The best gift a father can give his children is to love their mother
Even if you’re ready, there is no handbook, no warning about the mistakes you will inevitably make.
Brendan Seery
There’s an old gag which goes something like this: When is Mother’s Day? … Nine months after Father’s Night.
But, it also sums up perfectly why we’re in such a mess – as a country and people.
When the ultimate result of a night of passion shows up in the maternity ward, often the sperm donor is long gone. Let’s call it as it is: the definition of father is not merely something biological; it is emotional and psychological too. You are a father because you are around to help raise your children.

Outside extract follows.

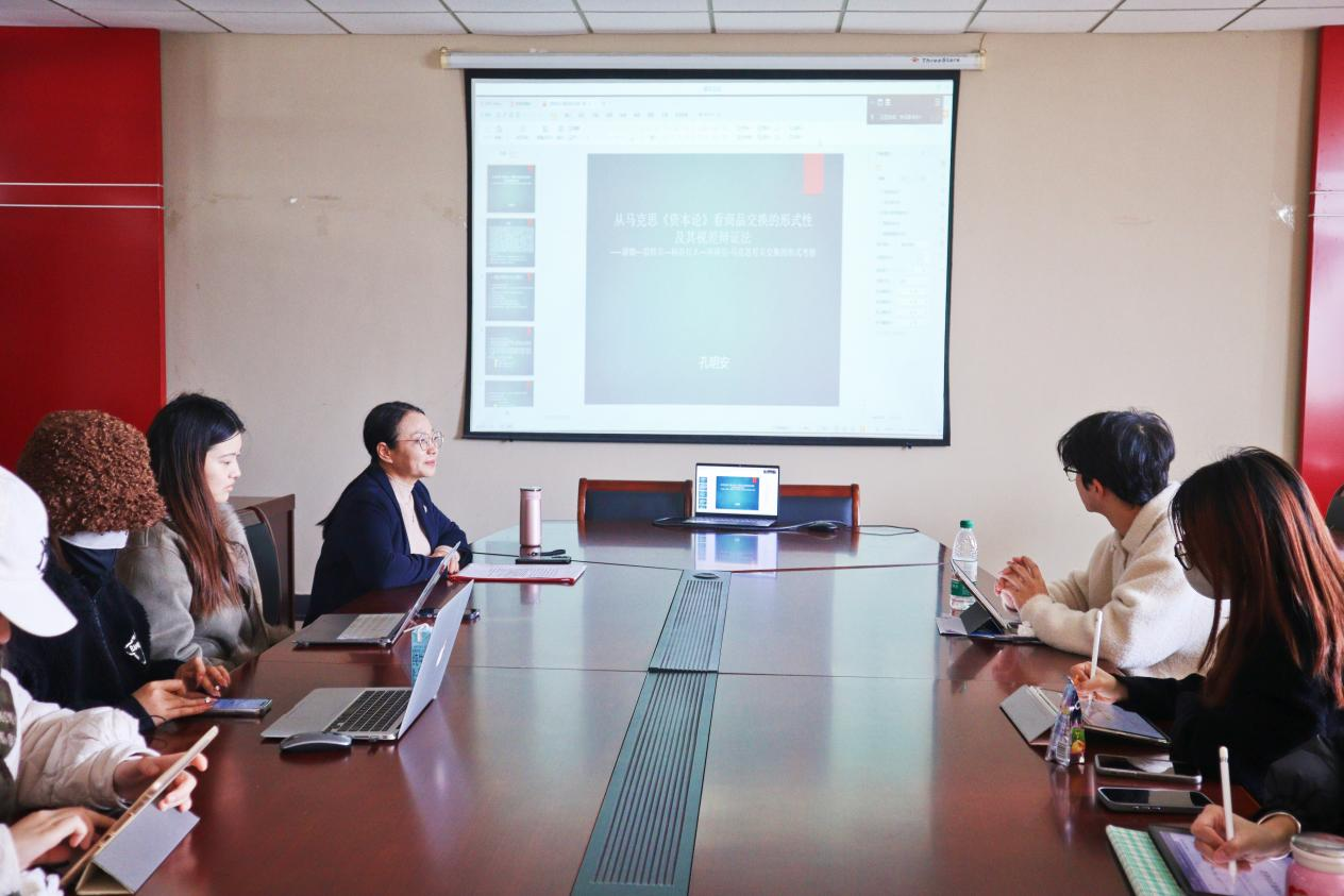 师生作题为“论马克思《资本论》中的商品交换的形式性及其视差辩证法”的学术讲座。本次讲座由院长卓承芳教授主持,2023级研究生参与学习。

Yesterday, as I trawled social media, there were plenty of people remembering their fathers – with affection and thanks. Sadly, for every one of those who had a father there would be many more who had little or no contact with the sperm donor who gave them life.
Becoming a father, becoming a parent, bringing a life into the world, is life’s most onerous responsibility. So, it never ceases to amaze me how lightly it is taken by many people.
I was only 21 and sitting over the breakfast table opposite my friend’s wife. He had met me in the army a few months before and, seeing the poky little flat I was living in, effectively ordered me to come and board with him and his wife. And I soon found out that everything was not roses and sunshine in their relationship.
For her, I think, getting married was confirmation of her social status, along with the fancy car he bought her. She could show off her “catch”. But she was restless and the toys and baubles (eventually a big house which landed him in huge debt) were not enough for her.
As we sipped coffee – before I got ready to cycle into the office (couldn’t afford a car on a cadet reporter’s salary) – she spoke about their deteriorating marriage.
“I think,” she said, “That if we have a baby it will bring us closer together…”
I’m sure I must have spluttered out coffee. Nobody has shared anything this intimate with me. But I felt I just couldn’t nod and say nothing. I said I thought it was a really bad idea … and especially if she “tricked” him into it.
She didn’t fall pregnant and, not long afterwards, divorce proceedings began.
I’ve often wondered why I suddenly showed such maturity when, in reality, I was wet behind the ears myself when it came to serious relationships. Getting a girl pregnant was something which terrified me and all my mates. Two people I knew had parents rich enough to send their girlfriends overseas to “get the problem taken care of…”
I could never have done that – if I ever had a say in such a discussion (because a woman’s body is hers after all). Had I ended up in that position, I would have had to get married … and it would probably have ended in tears.
When I did become a father it was right … but it wasn’t easy. Even if you’re ready, there is no handbook, no warning about the mistakes you will inevitably make. And you can’t undo them. You can’t go back and spend more time with your children and less on your job. You can’t apologise for pushing them hard and not saying “I love you” enough.
But no-one can take from you, either, that joy of seeing yourself in someone and of seeing them become their own, independent person. And the best gift you can give them is to love their mother … and stay around.
That’s what being a father is all about.